- **What the task requires**: Only the pictures are to be omitted; every entry beneath should otherwise be duplicated exactly.

(Dataset records)
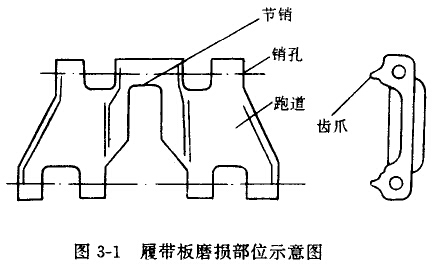 在考慮提高零件使用壽命時(shí),應(yīng)首先從改進(jìn)零件的結(jié)構(gòu)設(shè)計(jì)開始。不合理或不完美的設(shè)計(jì)往往會(huì)使磨損大大加劇,使用壽命明顯降低。反之,有時(shí)在結(jié)構(gòu)設(shè)計(jì)上稍作改進(jìn),往往會(huì)很容易或明顯地提高零件的耐磨性。改善零件結(jié)構(gòu)的設(shè)計(jì)方法是:應(yīng)用摩擦學(xué)知識(shí),主要是磨料磨損規(guī)律知識(shí),合理改變零部件結(jié)構(gòu)設(shè)計(jì),即通過對(duì)磨損零件摩擦學(xué)系統(tǒng)分析以后,從改善磨損條件出發(fā),適當(dāng)改變零件的幾何形狀、配合方式以及加大其工作部分尺寸,或用特殊的工藝方法。這些參數(shù)改變后,既能滿足設(shè)備正常運(yùn)轉(zhuǎn),又不致增加過多消耗,使耐磨性大大提高。這已經(jīng)被許多應(yīng)用實(shí)例所證實(shí)。例如:50年代,拖拉機(jī)履帶板都是五孔型履帶板.后改為七孔履帶板,將易磨損部位的節(jié)銷厚度適當(dāng)增加,壽命比五孔的提高了,得到普遍采用,如圖3-1所示。
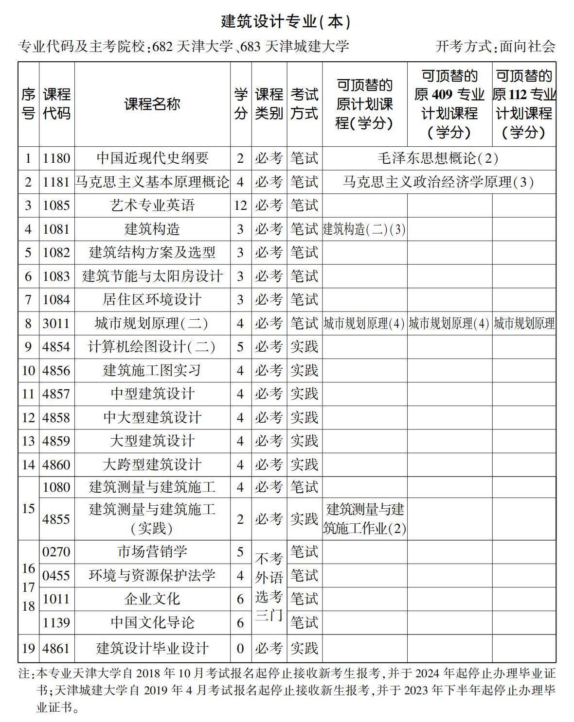 - 2023年10月天津自考本科建筑設(shè)計(jì)專業(yè)計(jì)劃(停考過渡)
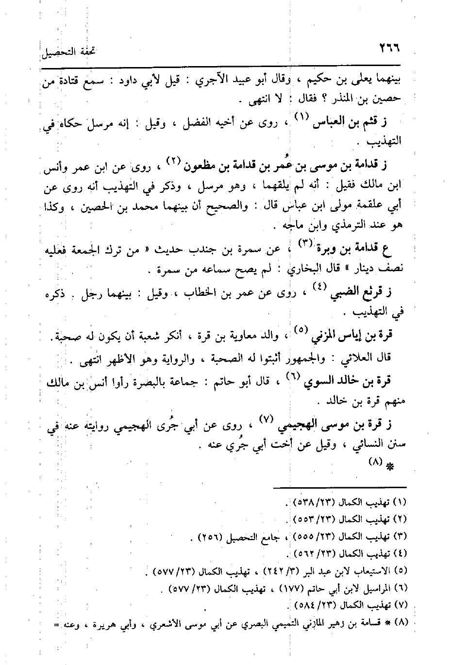 ز قدامَة بن مُوسَى بن عمر بن قدامَة بن مَظْعُون روى عَن ابْن عمر وَأنس ابْن مَالك فَقيل انه لم يلقهما وَهُوَ مُرْسل وَذكر فِي التَّهْذِيب أَنه روى عَن أبي عَلْقَمَة مولى ابْن عَبَّاس قَالَ وَالصَّحِيح ان بَينهمَا مُحَمَّد بن الْحصين وَكَذَا هُوَ عِنْد التِّرْمِذِيّ وَابْن مَاجَه
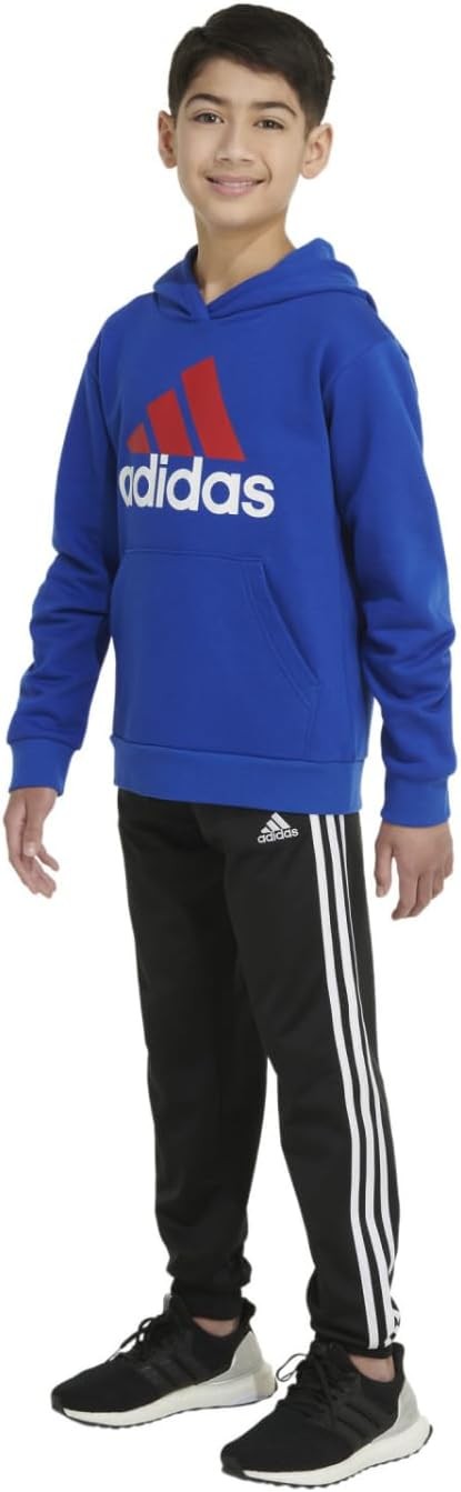 adidas Boys' Long Sleeve Fleece Pullover Hoodie, Brite Blue, Small
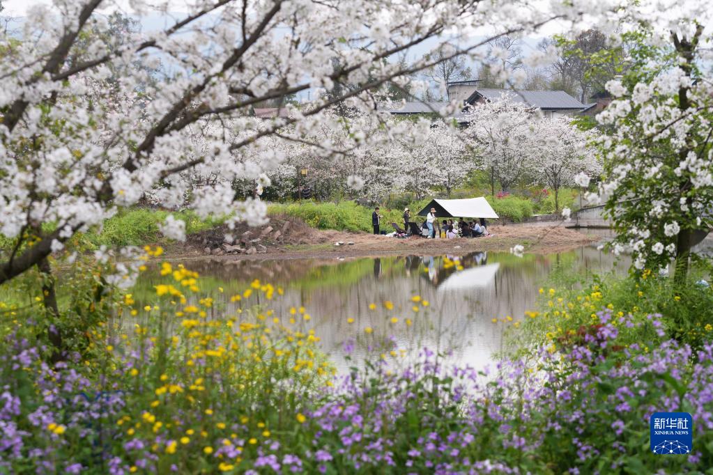 3月19日,游人在重慶市北碚區澄江鎮五一村“櫻花橘香”農業(yè)公園的櫻花樹(shù)下露營(yíng)游玩。
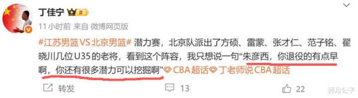 结果没曾想北京和江苏的比赛后,北京队潜力赛派出的阵容更加夸张,首发阵容除了翟晓川、方硕这两位快要退役的老将,还有范子铭、雷蒙、张才仁这几位中生代,5人加起来154岁。这也再度引起了球迷的讨论:“俱乐部故意恶心篮协的吧?”、“这叫潜力赛,北京这五个人哪个还有潜力?”、“平均年龄30.8岁,难道30岁是当打之年吗?”
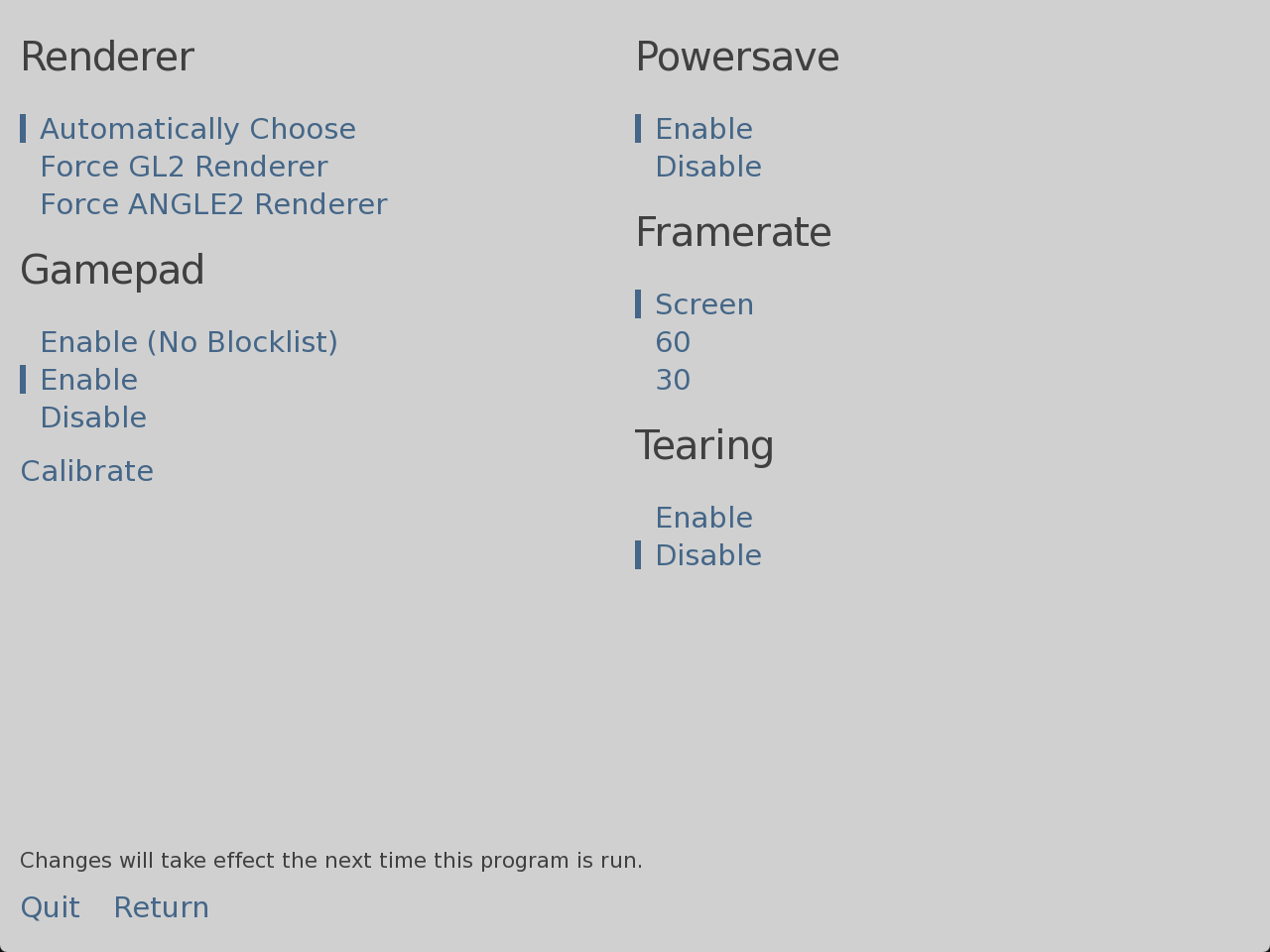 - Under Renderer, try selecting OpenGL (or GL2). Then click "Return" or restart the game.
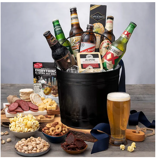 Prost! Cin cin! Salud! Help them say “cheers” from around the world with our Around The World Beer Bucket! Perfect for the beer-lover in your life, GourmetGiftBaskets.com brought together a variety of amazing beverages from six different brewers, and artfully arranged them inside of galvanized steel bucket. And since nothing goes with a tasty brew like great snacks, GourmetGiftBaskets.com carefully selected some of the most beloved gourmet foods to include, creating a gift that’s impossible not to enjoy!
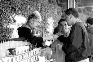 記者觀察,夜市的消費(fèi)者多為二三十歲的年輕人,女性也有不少,還有一些像記者這樣慕名而來體驗(yàn)一下夜市風(fēng)情的游客,但這部分人比例不算大。據(jù)介紹,在臺(tái)灣,逛夜市的大部分都是本地居民,夜市對于他們來說,不但是可以大快朵頤填飽肚子的地方,同時(shí)也是很好玩的地方,逛街,殺價(jià),打打彈珠、撈撈金魚,在眾人的圍觀下為自己剪一幅栩栩如生的剪影,在各種具有玩樂性質(zhì)的攤位上試試手氣,這些,都很適合一家老少共同出游消磨一晚的時(shí)光。
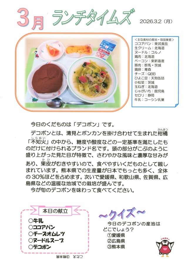 3月2日(月)給食
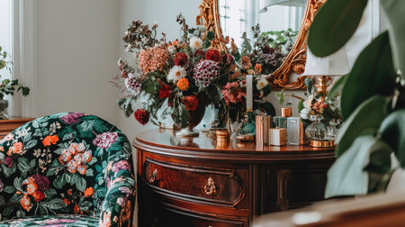 , slightly shadowed interior scene showcasing a dark, richly patterned floral armchair next to a highly polished, dark wood console table. The table holds a large, dramatic arrangement of dark and colorful cut flowers, several bottles of fragrance, a candle, and is backed by a large, gold-framed mirror that reflects the abundant blooms. Large green foliage in the foreground partially frames the right side of the composition, adding depth.
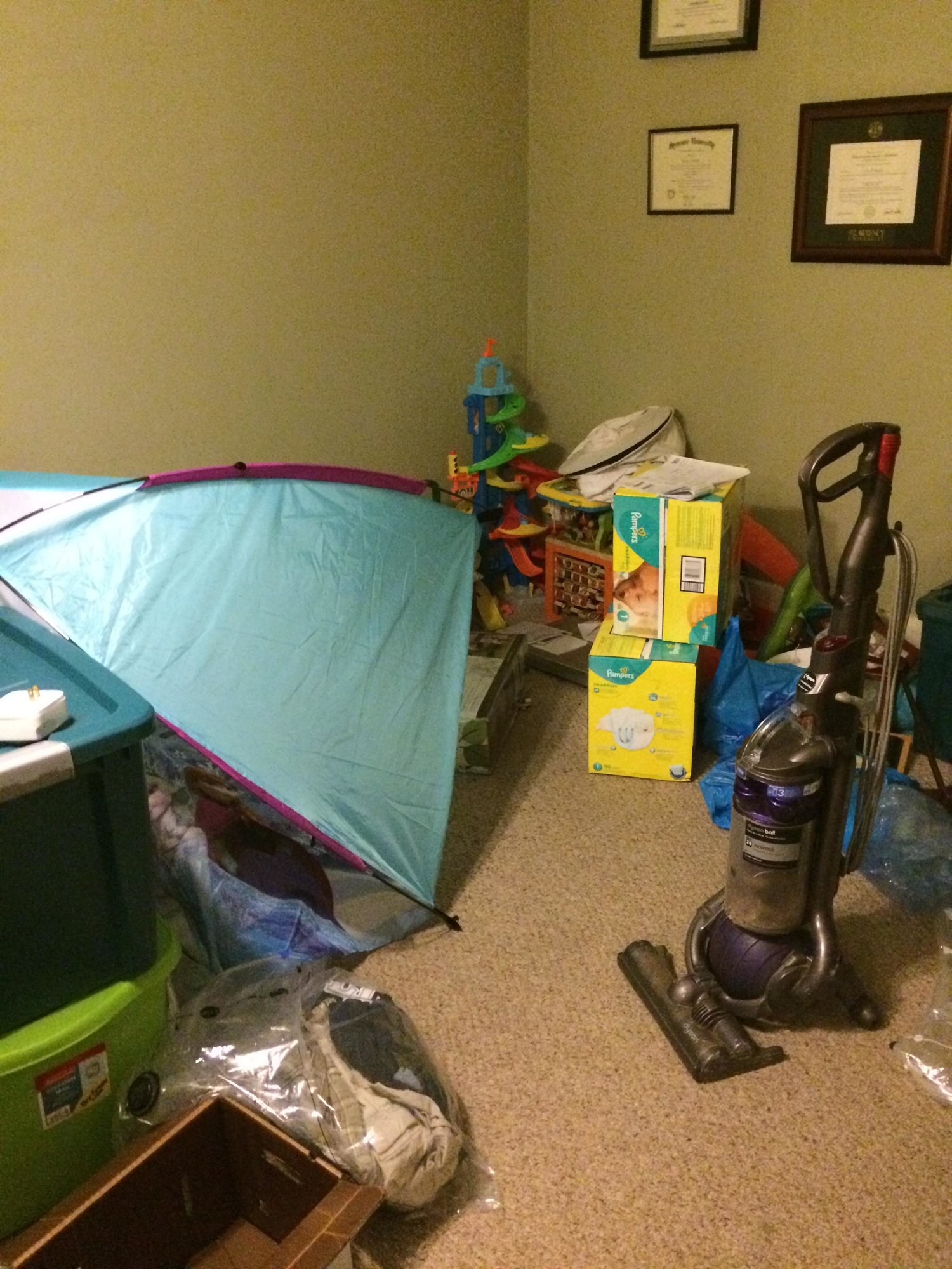 Almost 30 weeks with baby #4 and her room is still being utilized as the guest room/catch all room. We need to move out a full size bed and dresser, as well as go through the rest of our boxes from moving in June and multiple bins of baby clothes and whatnot. I just don't have the energy to do it!

- **Task answer**:
 在考慮提高零件使用壽命時(shí),應(yīng)首先從改進(jìn)零件的結(jié)構(gòu)設(shè)計(jì)開始。不合理或不完美的設(shè)計(jì)往往會(huì)使磨損大大加劇,使用壽命明顯降低。反之,有時(shí)在結(jié)構(gòu)設(shè)計(jì)上稍作改進(jìn),往往會(huì)很容易或明顯地提高零件的耐磨性。改善零件結(jié)構(gòu)的設(shè)計(jì)方法是:應(yīng)用摩擦學(xué)知識(shí),主要是磨料磨損規(guī)律知識(shí),合理改變零部件結(jié)構(gòu)設(shè)計(jì),即通過對(duì)磨損零件摩擦學(xué)系統(tǒng)分析以后,從改善磨損條件出發(fā),適當(dāng)改變零件的幾何形狀、配合方式以及加大其工作部分尺寸,或用特殊的工藝方法。這些參數(shù)改變后,既能滿足設(shè)備正常運(yùn)轉(zhuǎn),又不致增加過多消耗,使耐磨性大大提高。這已經(jīng)被許多應(yīng)用實(shí)例所證實(shí)。例如:50年代,拖拉機(jī)履帶板都是五孔型履帶板.后改為七孔履帶板,將易磨損部位的節(jié)銷厚度適當(dāng)增加,壽命比五孔的提高了,得到普遍采用,如圖3-1所示。
 - 2023年10月天津自考本科建筑設(shè)計(jì)專業(yè)計(jì)劃(停考過渡)
 ز قدامَة بن مُوسَى بن عمر بن قدامَة بن مَظْعُون روى عَن ابْن عمر وَأنس ابْن مَالك فَقيل انه لم يلقهما وَهُوَ مُرْسل وَذكر فِي التَّهْذِيب أَنه روى عَن أبي عَلْقَمَة مولى ابْن عَبَّاس قَالَ وَالصَّحِيح ان بَينهمَا مُحَمَّد بن الْحصين وَكَذَا هُوَ عِنْد التِّرْمِذِيّ وَابْن مَاجَه
 adidas Boys' Long Sleeve Fleece Pullover Hoodie, Brite Blue, Small
 3月19日,游人在重慶市北碚區澄江鎮五一村“櫻花橘香”農業(yè)公園的櫻花樹(shù)下露營(yíng)游玩。
 结果没曾想北京和江苏的比赛后,北京队潜力赛派出的阵容更加夸张,首发阵容除了翟晓川、方硕这两位快要退役的老将,还有范子铭、雷蒙、张才仁这几位中生代,5人加起来154岁。这也再度引起了球迷的讨论:“俱乐部故意恶心篮协的吧?”、“这叫潜力赛,北京这五个人哪个还有潜力?”、“平均年龄30.8岁,难道30岁是当打之年吗?”
 - Under Renderer, try selecting OpenGL (or GL2). Then click "Return" or restart the game.
 Prost! Cin cin! Salud! Help them say “cheers” from around the world with our Around The World Beer Bucket! Perfect for the beer-lover in your life, GourmetGiftBaskets.com brought together a variety of amazing beverages from six different brewers, and artfully arranged them inside of galvanized steel bucket. And since nothing goes with a tasty brew like great snacks, GourmetGiftBaskets.com carefully selected some of the most beloved gourmet foods to include, creating a gift that’s impossible not to enjoy!
 記者觀察,夜市的消費(fèi)者多為二三十歲的年輕人,女性也有不少,還有一些像記者這樣慕名而來體驗(yàn)一下夜市風(fēng)情的游客,但這部分人比例不算大。據(jù)介紹,在臺(tái)灣,逛夜市的大部分都是本地居民,夜市對于他們來說,不但是可以大快朵頤填飽肚子的地方,同時(shí)也是很好玩的地方,逛街,殺價(jià),打打彈珠、撈撈金魚,在眾人的圍觀下為自己剪一幅栩栩如生的剪影,在各種具有玩樂性質(zhì)的攤位上試試手氣,這些,都很適合一家老少共同出游消磨一晚的時(shí)光。
 3月2日(月)給食
 , slightly shadowed interior scene showcasing a dark, richly patterned floral armchair next to a highly polished, dark wood console table. The table holds a large, dramatic arrangement of dark and colorful cut flowers, several bottles of fragrance, a candle, and is backed by a large, gold-framed mirror that reflects the abundant blooms. Large green foliage in the foreground partially frames the right side of the composition, adding depth.
 Almost 30 weeks with baby #4 and her room is still being utilized as the guest room/catch all room. We need to move out a full size bed and dresser, as well as go through the rest of our boxes from moving in June and multiple bins of baby clothes and whatnot. I just don't have the energy to do it!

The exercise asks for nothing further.